John J. Amore
About John J. Amore
John J. Amore, age 76, has served on Everest Group, Ltd.’s Board since September 2012 and is an independent director. He chairs the Nominating & Governance Committee and serves on the Audit, Compensation, and Risk Committees. Amore is a former Group Executive Committee member and CEO within Zurich Insurance Group and previously held senior roles at AIG; he also serves on non‑profit boards (W.F. Casey Foundation; Embry‑Riddle Aeronautical University trustees/committees). These credentials reflect deep insurance leadership, risk oversight, and governance experience .
Past Roles
| Organization | Role | Tenure | Committees/Impact |
|---|---|---|---|
| Zurich Insurance Group (formerly Zurich Financial Services Group) | CEO, Global General Insurance; CEO, North America Corporate; CEO, Zurich U.S.; CEO, Zurich U.S. Specialties | 2000–2010 (consultant through 2012) | Led global P&C operations and North America businesses; executive leadership and operational oversight |
| AIG subsidiary (Commerce and Industry Insurance Company) | Vice Chairman | Pre-1992 | Senior executive role at U.S. commercial insurance carrier |
| Geneva Association | Delegate | N/A | Industry thought leadership participation |
External Roles
| Organization | Role | Tenure | Notes |
|---|---|---|---|
| W. F. Casey Foundation (Brooklyn, NY) | Board of Directors | N/A | Non‑profit governance |
| Embry‑Riddle Aeronautical University | Board of Trustees; Finance, Audit, and Investment Committees | N/A | Financial oversight and governance |
| St.
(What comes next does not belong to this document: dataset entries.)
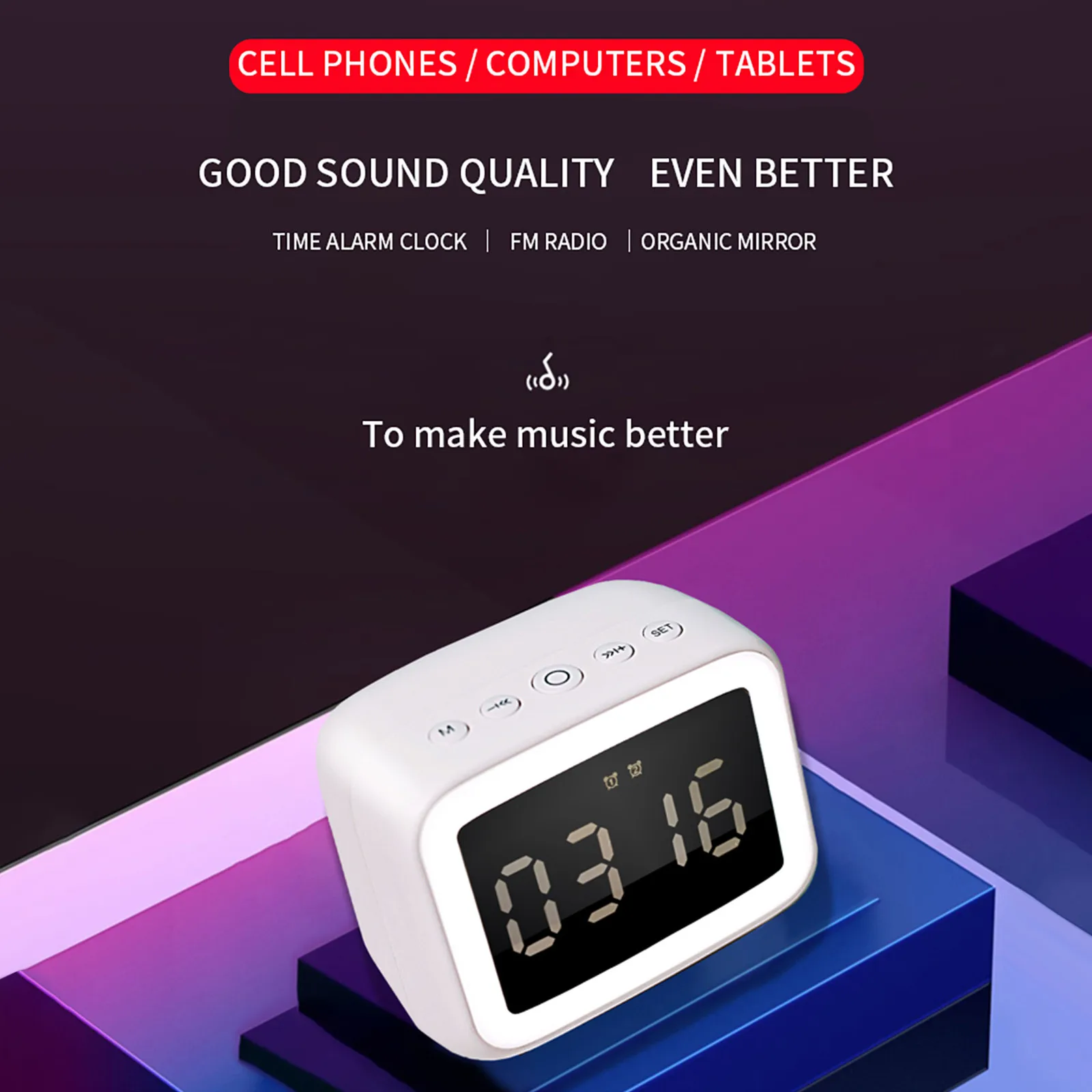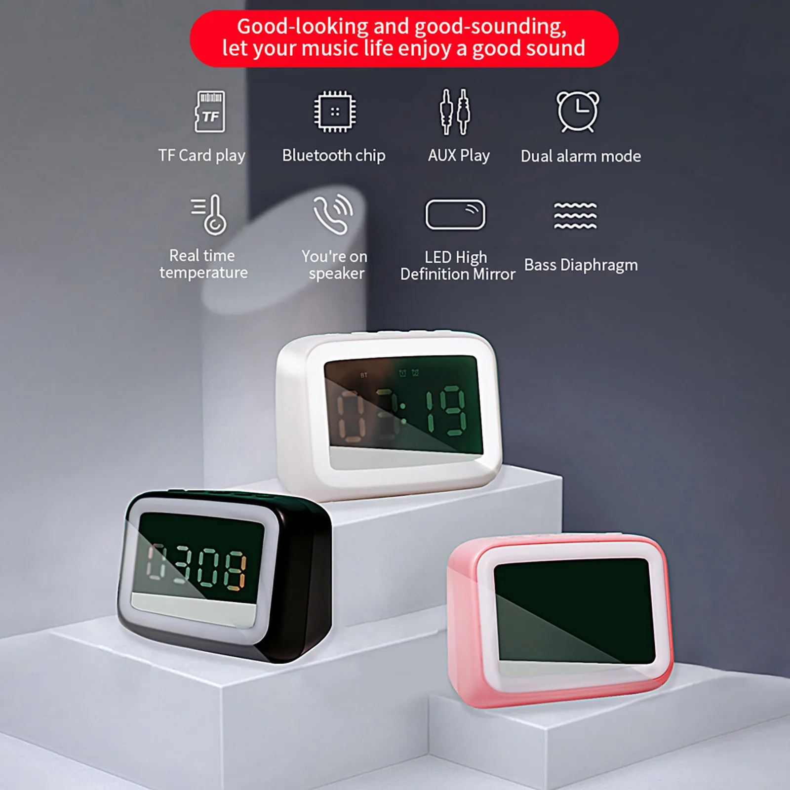 Беспроводная связь по BLUETOOTH V.5.0 Более стабильная и быстрая передача сигнала и более низкая потребляемая мощность, сильная кампативность для в настоящее время основных брендов смартфонов, планшетных ПК, ноутбуков... и т. Д. Цифровой будильник 1. Чтобы вы просыпались утром и спали ночью, можно установить и использовать два будильника самостоятельно, попрощайтесь с традиционными будильникамиМодный и портативный дизайн1. Легкий и прочный корпус из АБС-пластика, идеальное украшение для дома и офиса.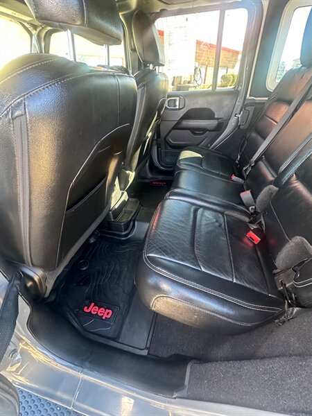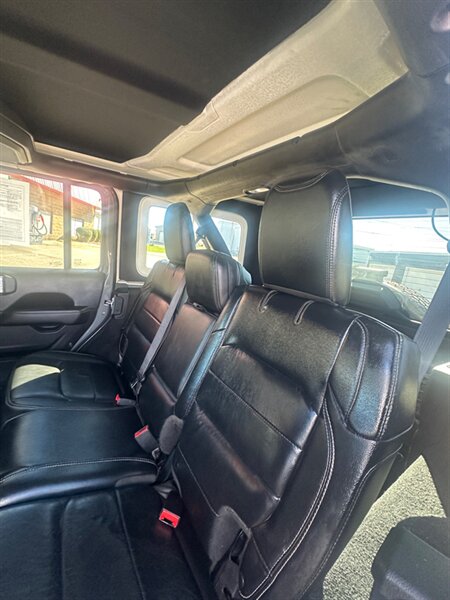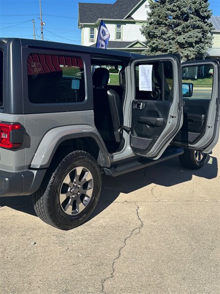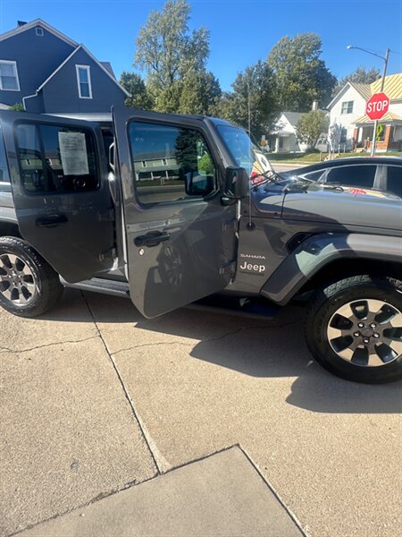 2018 Jeep Wrangler Unlimited Sahara — Sting Gray Clear Coat exterior, Black leather interior. This four-door Sahara blends true off-road capability with everyday comfort and modern tech. Under the hood is the spirited 2.0L Turbo I4 delivering 270 hp and 295 lb-ft of torque, giving you responsive passing power and confident performance whether you're on the highway or heading off the beaten path. EPA fuel economy is an efficient 22 MPG city / 24 MPG highway, and the vehicle is in excellent overall condition.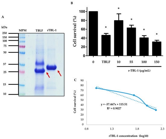 rTBL-1 quantitation with respect to the native lectin from TBLF was carried out by protein band densitometry after 13% (w/v) polyacrylamide SDS-PAGE (Figure 7A). The difference in molecular weight between the native lectin and the rTBL-1 is due to the hexa-histidine tail. It was observed that the native lectin corresponded to approximately 30% of all the proteins present in the TBLF lyophilized product, while the rTBL-1 corresponded to 80% of the total protein in the lyophilized product, and it was equivalent to 63% of the total TBLF protein. The protein concentration of rTBL-1 was adjusted to assess the cytotoxic effect of rTBL-1 with respect to the TBLF LC50 (402 μg/mL, 55 μg native lectin/mL) [3].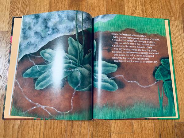 * This book uses a rhythmic, engaging story and vivid illustrations to explore the diverse insect community living beneath rocks, such as earthworms, ants, spiders, and slugs. The backmatter includes "Field Notes" and "Fantastic Facts" about the creatures mentioned in the

John’s University School of Risk Management | Overseer Emeritus | N/A | Advisory/oversight role in risk management education |
Board Governance
- Committee assignments: Audit; Compensation; Nominating & Governance (Chair); Risk .
- Independence: Board affirmatively determined Amore meets NYSE independence standards; all Audit and Compensation Committee members are independent .
- Attendance/engagement: In FY2024, the Board held four regular meetings; each then‑serving director attended at least 75% of Board and applicable committee meetings, and all directors attended the 2024 AGM .
- Committee cadence: In 2024, Audit (4), Compensation (4), Nominating & Governance (4), Risk (4), Investment Policy (4), Technology & Cyber (1), Executive (0) meetings were held—Amore’s committees align to the highest‑frequency oversight areas .
Fixed Compensation
| Component | Amount | Detail |
|---|---|---|
| Annual retainer (cash or shares) | $125,000 | Standard non‑employee director retainer in 2024; no meeting or committee chair fees (Board added a Chair retainer beginning 2025) |
| 2024 share award (restricted shares) | $325,932 | Aggregate grant date fair value; 888 restricted shares granted on Feb 29, 2024 at $367.04 FMV per share |
| All other compensation | $14,206 | Dividends on restricted shares |
| Total 2024 director pay | $465,138 | Sum of components |
Additional structure details:
- Directors do not receive additional compensation for committee chairs or meeting attendance (Board Chair will receive $300,000 added retainer beginning in 2025; applies to Chair role, not committee chairs) .
- Retainer can be taken in common shares to enhance alignment .
Performance Compensation
| Equity Instrument | Grant Date | Grant Size | Vesting | Performance Metrics |
|---|---|---|---|---|
| Restricted Shares (RS) | Feb 29, 2024 | 888 shares; $325,932 grant date fair value | Vests over 3 years, equal installments | None; time‑based vesting only for directors |
Notes:
- Everest uses PSUs with multi‑year Net Operating Income ROE and TSR metrics for executives, not directors; director equity is time‑vested and not contingent on performance targets .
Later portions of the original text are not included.